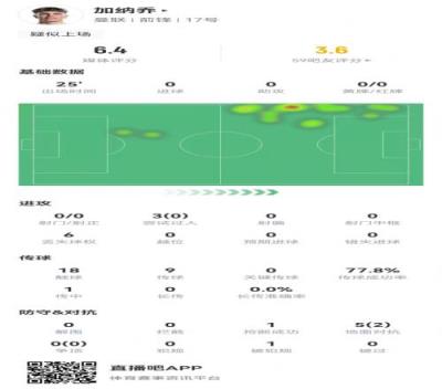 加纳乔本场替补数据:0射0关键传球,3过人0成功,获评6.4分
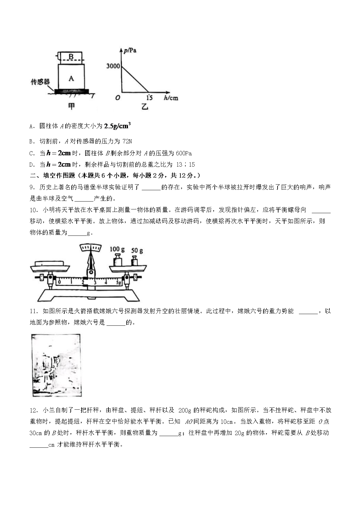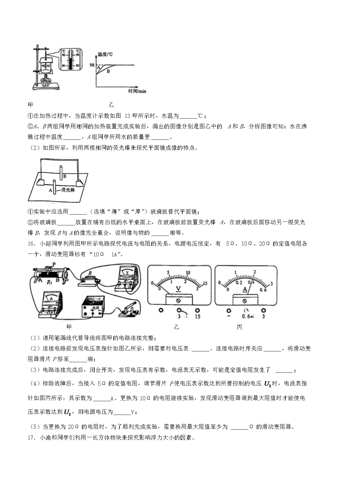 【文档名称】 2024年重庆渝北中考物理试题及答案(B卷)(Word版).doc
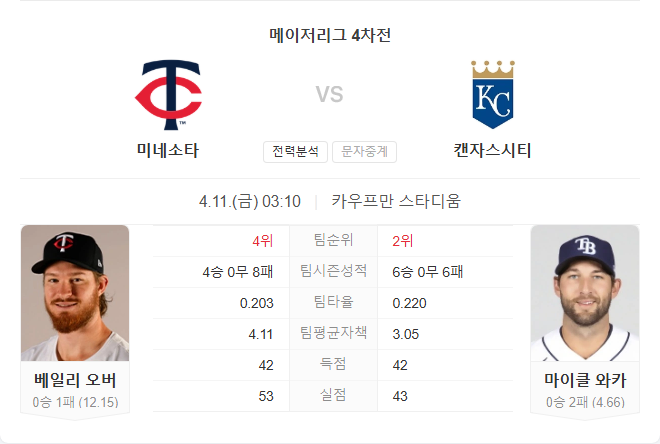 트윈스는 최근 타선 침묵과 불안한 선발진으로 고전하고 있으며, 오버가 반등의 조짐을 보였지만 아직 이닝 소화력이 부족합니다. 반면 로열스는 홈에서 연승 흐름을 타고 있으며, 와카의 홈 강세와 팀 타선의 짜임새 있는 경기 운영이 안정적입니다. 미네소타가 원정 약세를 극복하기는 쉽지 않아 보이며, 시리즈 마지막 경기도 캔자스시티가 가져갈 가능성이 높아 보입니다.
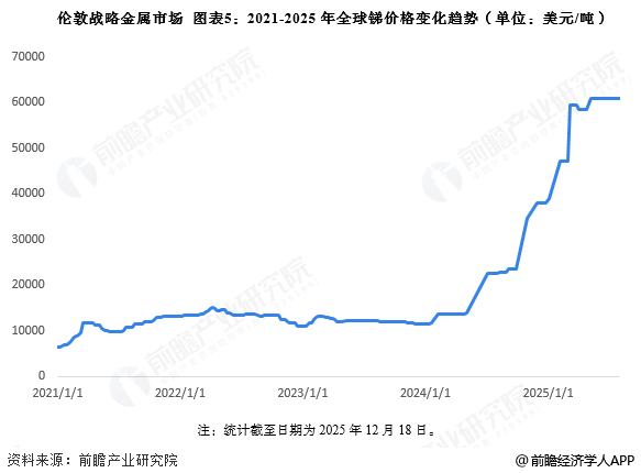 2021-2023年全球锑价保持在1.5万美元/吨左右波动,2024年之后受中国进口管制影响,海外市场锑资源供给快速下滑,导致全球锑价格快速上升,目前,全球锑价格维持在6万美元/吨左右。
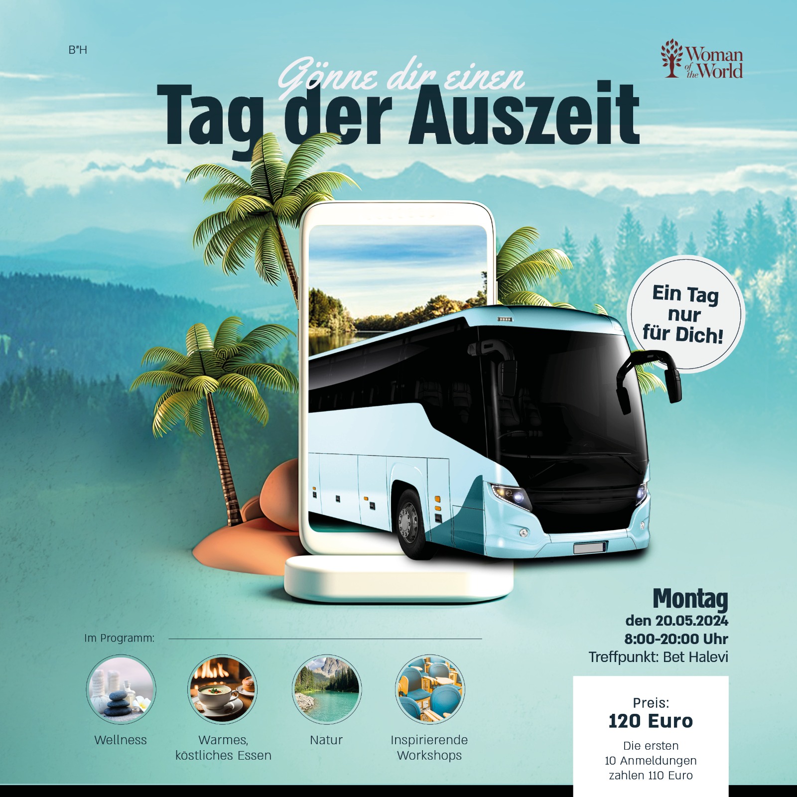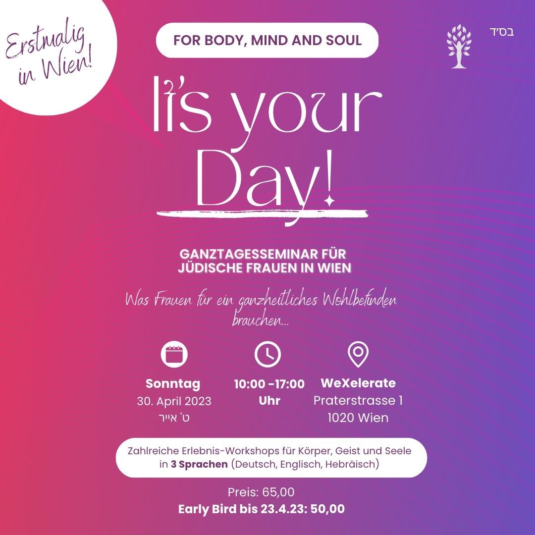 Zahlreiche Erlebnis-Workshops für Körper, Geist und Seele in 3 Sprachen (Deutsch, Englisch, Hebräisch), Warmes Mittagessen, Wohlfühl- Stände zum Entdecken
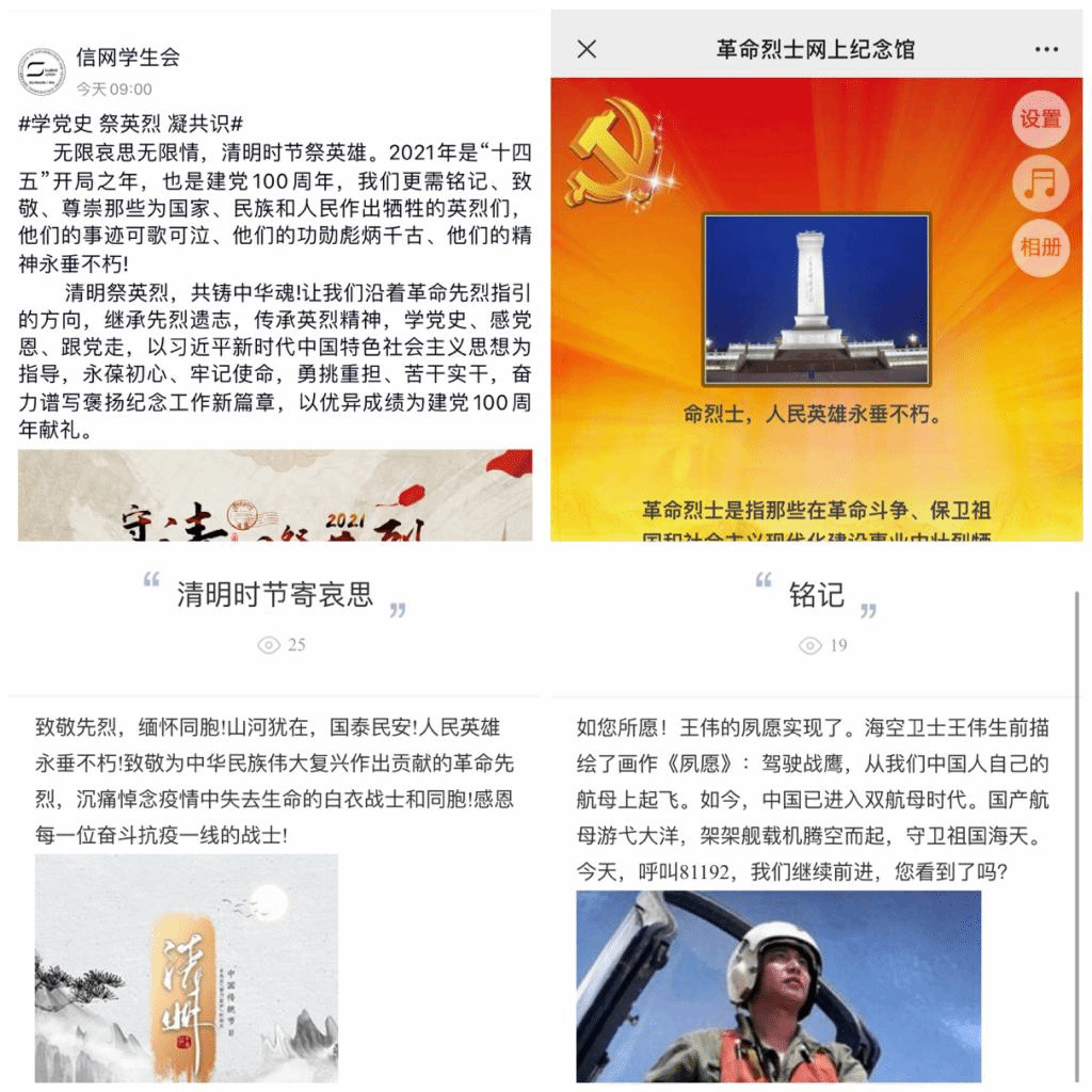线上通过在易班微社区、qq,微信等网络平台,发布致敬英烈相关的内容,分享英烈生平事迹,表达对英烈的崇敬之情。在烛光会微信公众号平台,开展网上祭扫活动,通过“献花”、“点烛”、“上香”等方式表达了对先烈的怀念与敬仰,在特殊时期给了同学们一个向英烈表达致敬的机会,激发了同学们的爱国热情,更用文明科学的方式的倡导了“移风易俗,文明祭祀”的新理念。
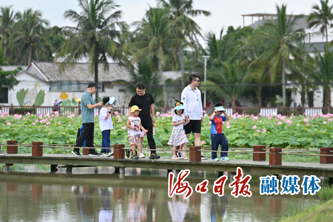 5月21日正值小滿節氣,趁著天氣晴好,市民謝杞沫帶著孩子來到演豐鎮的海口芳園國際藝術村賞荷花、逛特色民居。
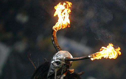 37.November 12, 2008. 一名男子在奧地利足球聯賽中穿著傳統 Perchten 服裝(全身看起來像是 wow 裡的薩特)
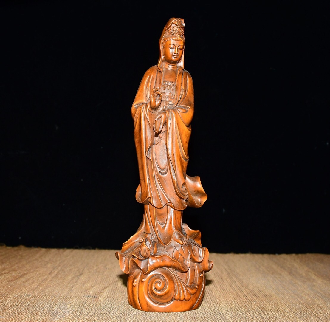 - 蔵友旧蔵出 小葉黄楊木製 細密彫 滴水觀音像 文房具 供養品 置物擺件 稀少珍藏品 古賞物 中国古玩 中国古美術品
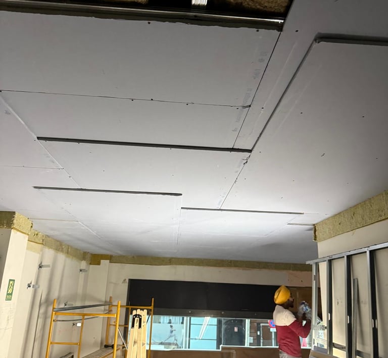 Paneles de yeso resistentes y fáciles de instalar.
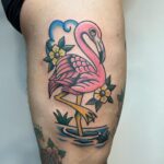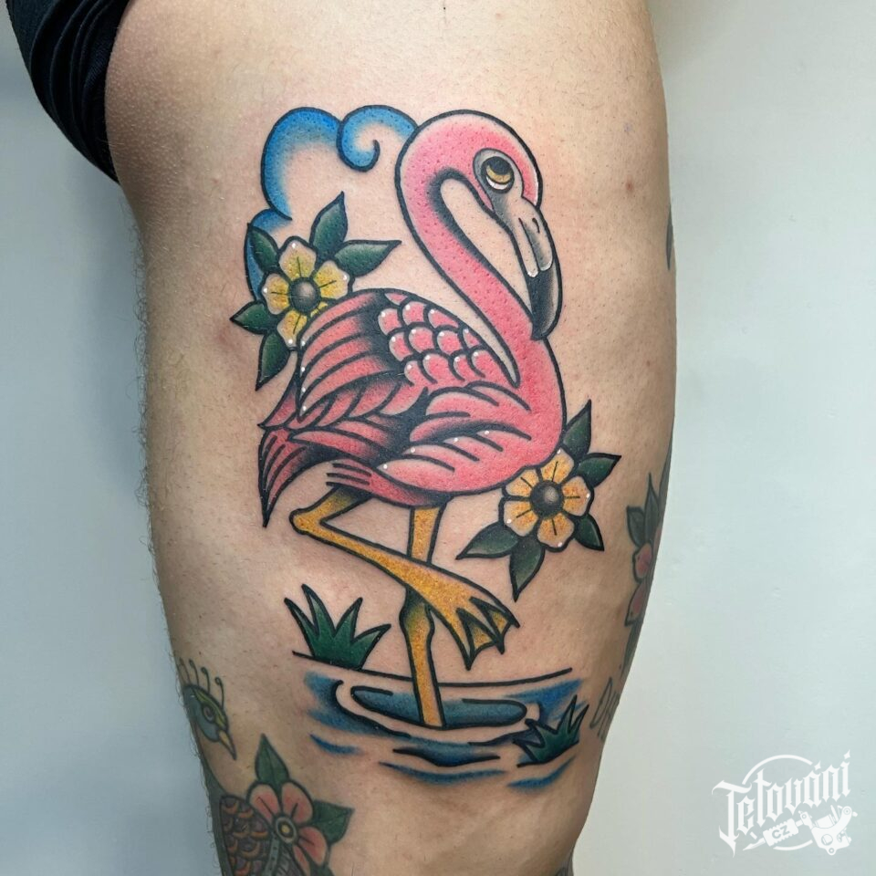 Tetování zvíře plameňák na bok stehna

+===+

Output nothing except the lines from the one containing "2021-2023年全球锑价" through the final line of the entries, repeated exactly and free of pictures.

 2021-2023年全球锑价保持在1.5万美元/吨左右波动,2024年之后受中国进口管制影响,海外市场锑资源供给快速下滑,导致全球锑价格快速上升,目前,全球锑价格维持在6万美元/吨左右。
 Zahlreiche Erlebnis-Workshops für Körper, Geist und Seele in 3 Sprachen (Deutsch, Englisch, Hebräisch), Warmes Mittagessen, Wohlfühl- Stände zum Entdecken
线上通过在易班微社区、qq,微信等网络平台,发布致敬英烈相关的内容,分享英烈生平事迹,表达对英烈的崇敬之情。在烛光会微信公众号平台,开展网上祭扫活动,通过“献花”、“点烛”、“上香”等方式表达了对先烈的怀念与敬仰,在特殊时期给了同学们一个向英烈表达致敬的机会,激发了同学们的爱国热情,更用文明科学的方式的倡导了“移风易俗,文明祭祀”的新理念。
 5月21日正值小滿節氣,趁著天氣晴好,市民謝杞沫帶著孩子來到演豐鎮的海口芳園國際藝術村賞荷花、逛特色民居。
 37.November 12, 2008. 一名男子在奧地利足球聯賽中穿著傳統 Perchten 服裝(全身看起來像是 wow 裡的薩特)
 - 蔵友旧蔵出 小葉黄楊木製 細密彫 滴水觀音像 文房具 供養品 置物擺件 稀少珍藏品 古賞物 中国古玩 中国古美術品
 Paneles de yeso resistentes y fáciles de instalar.
 Tetování zvíře plameňák na bok stehna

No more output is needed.